Monte Carlo simulation using Black-Scholes for stock price in Python
This project continues another project I did looking at the price of Telsa stock. Please note, this is not financial advice, just a fun project.
I wanted to combine this approach with the Black-Scholes algo and then use Monte Carlo simulations to predict the value of the Tesla stock in ~90 days.
Like before, I am pulling the data from YFinance because it is easy.
# getting historical data for Tesla. This code calls the API and transforms the result into a DataFrame.
import numpy as np
np.random.seed(3363)
import pandas as pd
from scipy.stats import norm
import datetime
import matplotlib.pyplot as plt
%matplotlib inline
ticker = "TSLA" #Tesla Stock
import yfinance as yf
df=yf.download(ticker, period='5y')
#Plot of asset historical closing price
df['Adj Close'].plot(figsize=(10, 6), title = "Price of {} from {} to {}".format(ticker, df.index.min(), df.index.max()))

We pull in the values and plot the data. This is a nice looking time series! You can see lots of volatility in the stock which makes it interesting to imagine what will happen next?
Monte Carlo Simulation
We need to set two parameters to run the simulation. One is the number of days we will predict into the future and the other is how many times we will simulate the future. For this project, I set it future date to be the beginning of the next financial quarter.
I like to do 1000 simulations. You can do more but there are diminishing returns as you do more simulations (statistics).
In this code, I use the historic variability of the stock as a constraint for how much the value of the stock can fluctuate from day to day. The python goes through and takes the pervious value to predict the current value. The prediction is based on the Black Scholes method and includes historic volatility plus some randomness.
Geometric Brownian Motion
I assume the log of the returns (percent changes) are normally distributed and that the market is efficient. The formula for the change in price between periods is the price of the stock in t_0 multiplied by the expected drift (average change in price) plus an exogenous shock.
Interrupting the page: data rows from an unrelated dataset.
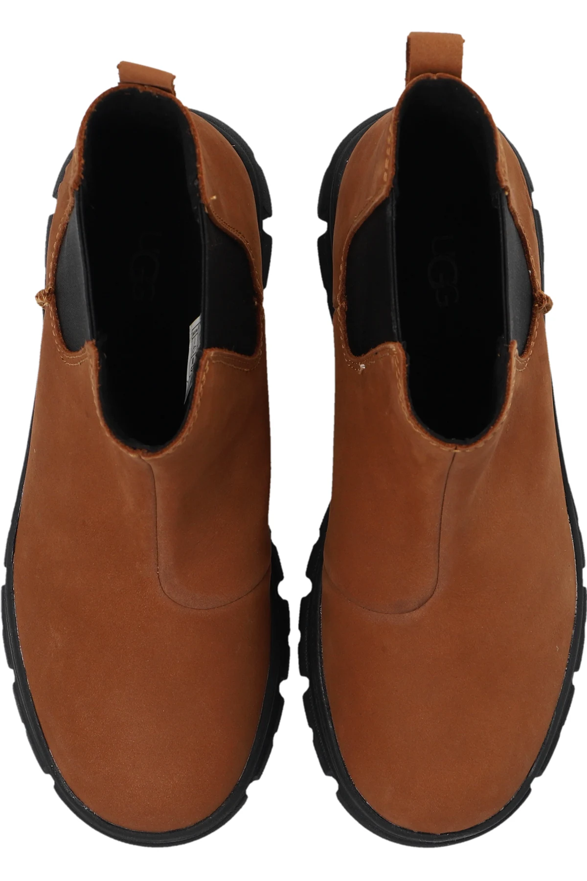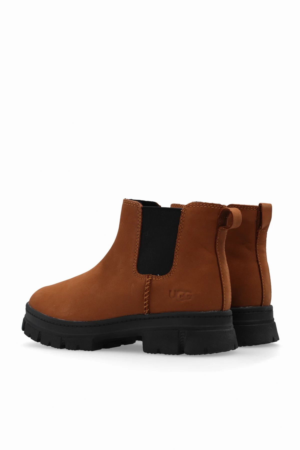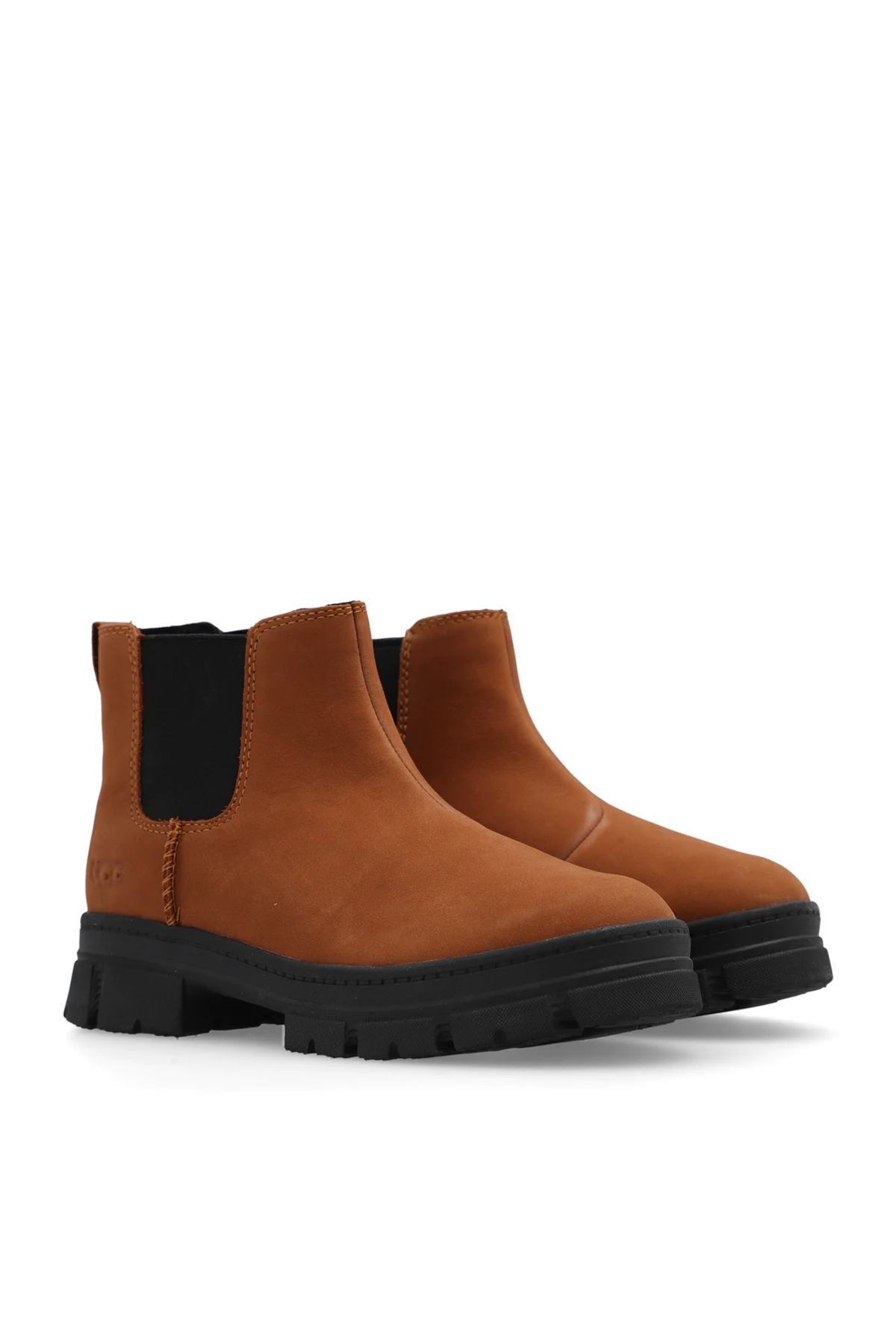 Brown ‘Ashton’ ankle boots from UGG Kids. Made from leather with hydrophobic coating, this model sits on a black rubber sole and features an embossed logo and elastic panels on the sides.
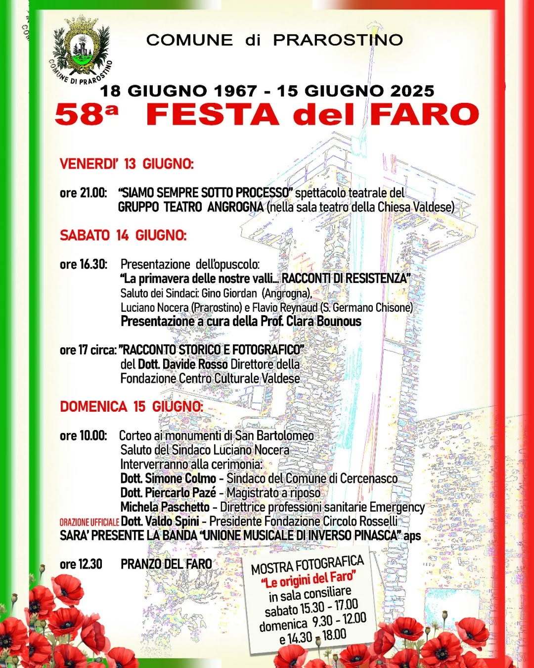 Le iniziative, patrocinate e sostenute dalla Città metropolitana di Torino nell’ambito del bando per le celebrazioni dell’80° anniversario della Liberazione, iniziano venerdì 13 giugno nella sala della chiesa valdese con lo spettacolo del Gruppo Teatro Angrogna “Siamo sempre sotto processo”. Sabato 14 alle 15,30 nella sala consiliare del Municipio si inaugura la mostra fotografica “Le origini del Faro”, visitabile sino alle 17 e ancora domenica 15 dalle 9,30 alle 12 e dalle 14,30 alle 18. Sabato 14 alle 16,30 la professoressa Clara Bounous presenta l’opuscolo “La primavera delle nostre valli… racconti di Resistenza”. Intervengono i Sindaci di Angrogna, Gino Giordan, di Prarostino, Luciano Nocera, e di San Germano Chisone, Flavio Reynaud. A seguire il racconto storico e fotografico a cura di Davide Rosso, direttore della Fondazione Centro Culturale Valdese. Le celebrazioni di domenica 15 giugno iniziano alle 10 con il ritrovo dei partecipanti sul piazzale del Municipio, da dove prende le mosse il corteo verso i monumenti di San Bartolomeo. Oltre al sindaco Luciano Nocera, intervengono il primo cittadino di Cercenasco, Simone Colmo, il magistrato a riposo Piercarlo Pazèe la direttrice delle professioni sanitarie di Emergency, Michela Paschetto. L’orazione ufficiale è affidata al presidente della Fondazione Circolo Rosselli, Valdo Spini. La mattinata si conclude con il Pranzo del Faro.
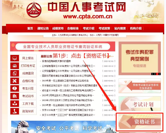 第1步:打開【人事考試網(wǎng)】,點(diǎn)擊【資格證書】
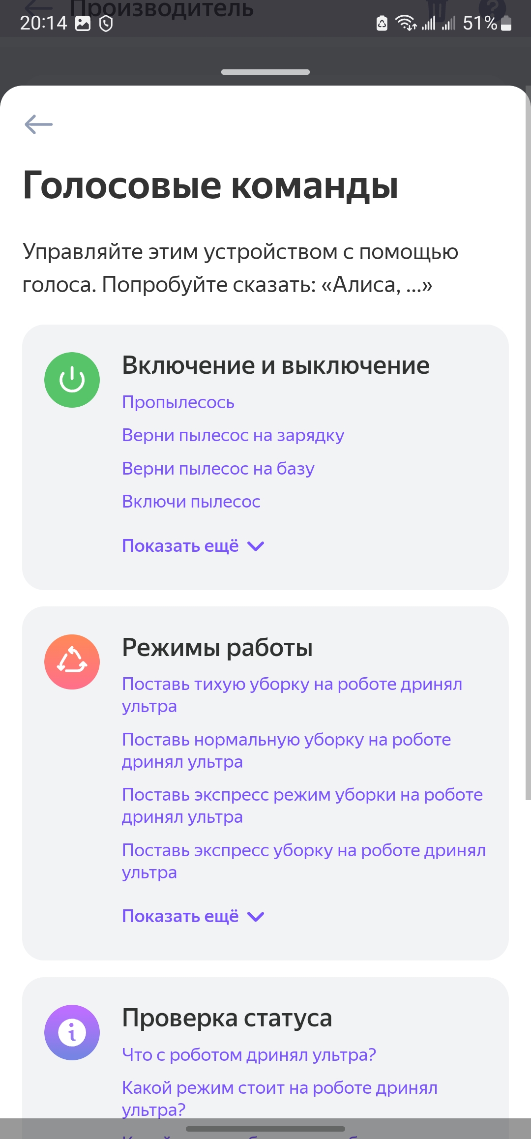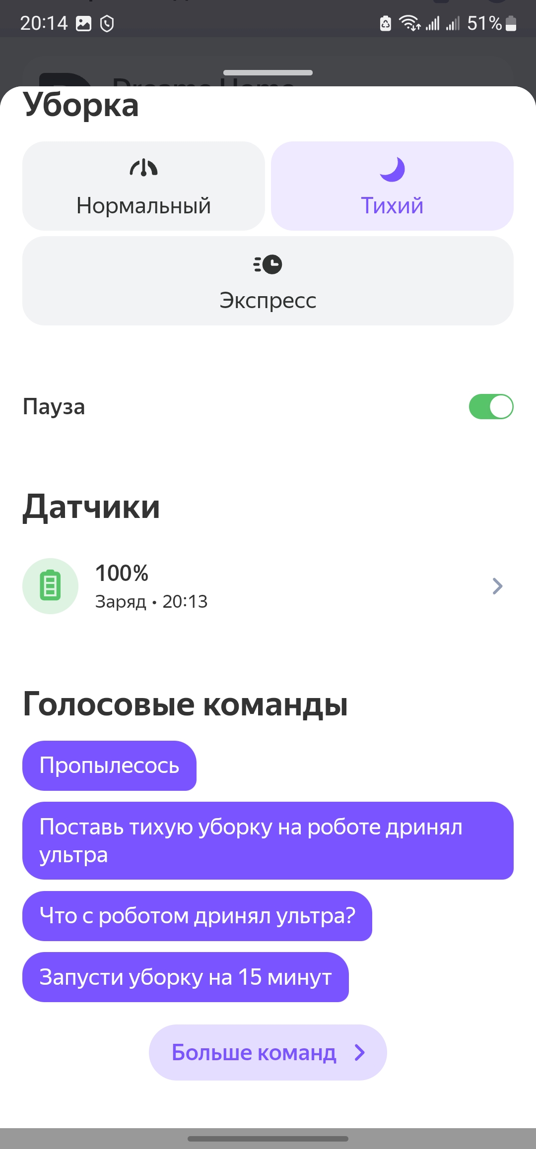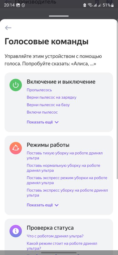 Кстати, роботом можно управлять и с помощью голосовых команд. Например, через умные колонки Яндекса. Для этого просто добавляем нужную модель в вашу учетную запись. Для этого переходим на страницу настройки и добавления устройств «Мой дом» Яндекса и добавляем новое устройство. Выбираем нужную модель Dreame и по инструкции привязываем плагин из приложения. После настройки будут доступны простые голосовые команды (Начать уборку, завершить уборку

pred_end_date = datetime.datetime(2024, 7, 1)
def monte_carlo(pred_end_date, df=df, iterations=1000, plot=True):
pred_end_date = pred_end_date
forecast_dates = [d if d.isoweekday() in range(1, 6) else np.nan for d in pd.date_range(df.index.max(), pred_end_date)]
intervals = len(forecast_dates)
iterations = iterations
#Preparing log returns from data
log_returns = np.log(1 + df['Adj Close'].pct_change())
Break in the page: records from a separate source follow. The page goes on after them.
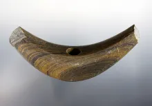 4 1/4" Tube Bannerstone made from patinated Banded Slate. Found in the Midwestern U.S. |
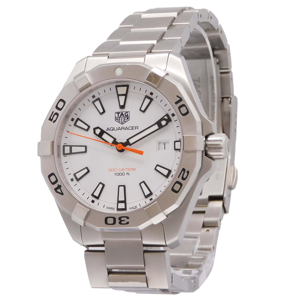 Swiss-made, this bold TAG Heuer Aquaracer is an aesthetic 41 mm watch. This model features a Steel case and a Quartz movement.
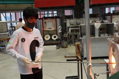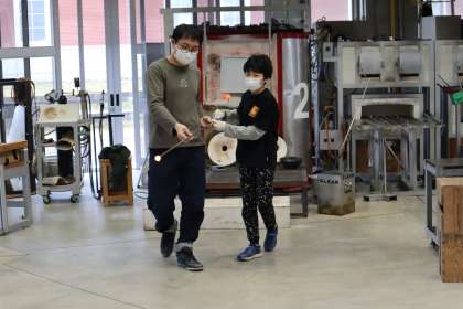 作家さんに手伝っていただきながら、炉からガラスを取り出したり、ガラスを溶かしています。
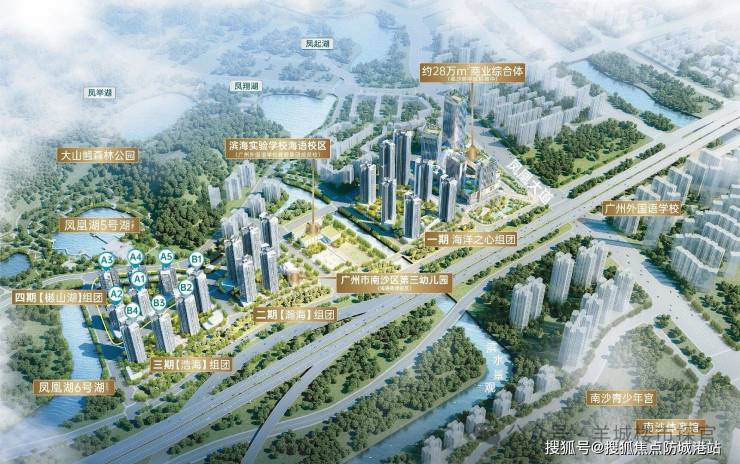 - 五园:凤凰湖公园、蕉门河公园、市民广场公园、南滨水角公园、大山乸森林公园(推窗见绿,出门入园,日常散步、休闲健身、亲子互动的绝佳场所)
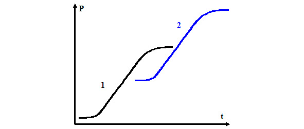 Прекращение роста данной системы не означает прекращение прогресса в этой области. Появляются новые более совершенные системы происходит скачок в развитии. Это типичный пример проявления закона перехода количественных изменений в качественные (п. 3.1.2). Такой процесс изображен на рис. 3.4.
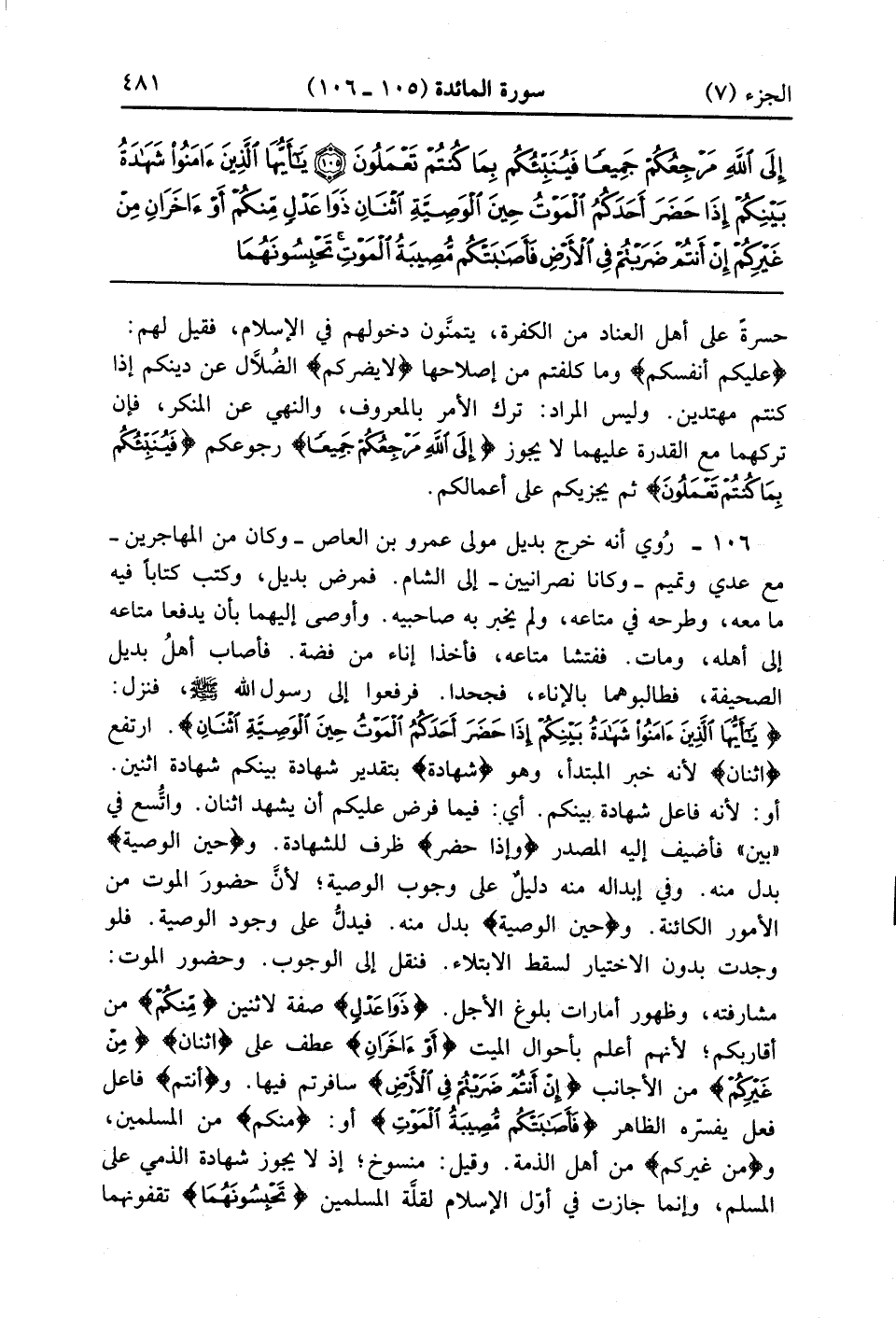 يَا أَيُّهَا الَّذِينَ آمَنُوا شَهَادَةُ بَيْنِكُمْ إِذَا حَضَرَ أَحَدَكُمُ الْمَوْتُ حِينَ الْوَصِيَّةِ اثْنَانِ ذَوَا عَدْلٍ مِنْكُمْ أَوْ آخَرَانِ مِنْ غَيْرِكُمْ إِنْ أَنْتُمْ ضَرَبْتُمْ فِي الْأَرْضِ فَأَصَابَتْكُمْ مُصِيبَةُ الْمَوْتِ تَحْبِسُونَهُمَا مِنْ بَعْدِ الصَّلَاةِ فَيُقْسِمَانِ بِاللَّهِ إِنِ ارْتَبْتُمْ لَا نَشْتَرِي بِهِ ثَمَنًا وَلَوْ كَانَ ذَا قُرْبَى وَلَا نَكْتُمُ شَهَادَةَ اللَّهِ إِنَّا إِذًا لَمِنَ الْآثِمِينَ (106)

#Setting up drift and random component in relation to asset data
u = log_returns.mean()
var = log_returns.var()
drift = u - (0.5 * var)
stdev = log_returns.std()
daily_returns = np.exp(drift + stdev * norm.ppf(np.random.rand(intervals, iterations)))
#Takes last data point as startpoint point for simulation
price_list = np.zeros_like(daily_returns)
price_list[0] = df['Adj Close'].values[-1]
#Applies Monte Carlo simulation in asset
for t in range(1, intervals):
price_list[t] = price_list[t - 1] * daily_returns[t]
forecast_df = pd.DataFrame(price_list)
if plot:
forecast_df.plot(figsize=(10,6), legend=False, title = "{} Simulated Future Paths".format(iterations))
end_values_df = forecast_df.tail(1)
return forecast_df, end_values_df
forecast_df, end_values_df = monte_carlo(pred_end_date)
Histogram of final predicted values
The simulated future paths graph is neat but very hard to read. I’m interested in what the price will be on July 1, 2024. So I want to look at the predicted values for that day only and see the distribution of those values.
I can do this with a histogram. The code is based on another project I did for histograms.
I assume the values are normally distributed because of the randomness in the Monte Carlo process.
def plot_norm_hist(s, vline = True, title= True):
mu, sigma = np.mean(s), np.std(s) # mean and standard deviation
count, bins, ignored = plt.hist(s, 30, density=True)
plt.plot(bins, 1/(sigma * np.sqrt(2 * np.pi)) *
np.exp( - (bins - mu)**2 / (2 * sigma**2) ),
linewidth=2, color='r')
if vline:
lline = -.67*sigma + mu
uline = .67*sigma + mu
plt.axvline(lline, color='g')
plt.axvline(uline, color='g')
if title:
plt.title("Final price distribution\n Mean: ${:.02f} and Standard Devivation: {:.02f}".format(mu, sigma))
return plt.show()
s = end_values_df.iloc[-1]
plot_norm_hist(s, vline=True, title=True)
Now I have a very simple chart and some useful info. The mean value for the stock is $211.43 for July 1, 2024. That is up ~21% from the value from yesterday (March 28, 2024) of $175.79.
So this analysis suggests that the future price will very likely be more than the current price. In fact, this approach predicts the value of Tesla will be high than the current price in 62.8% of the simulations.
Based on this, would you buy the stock today?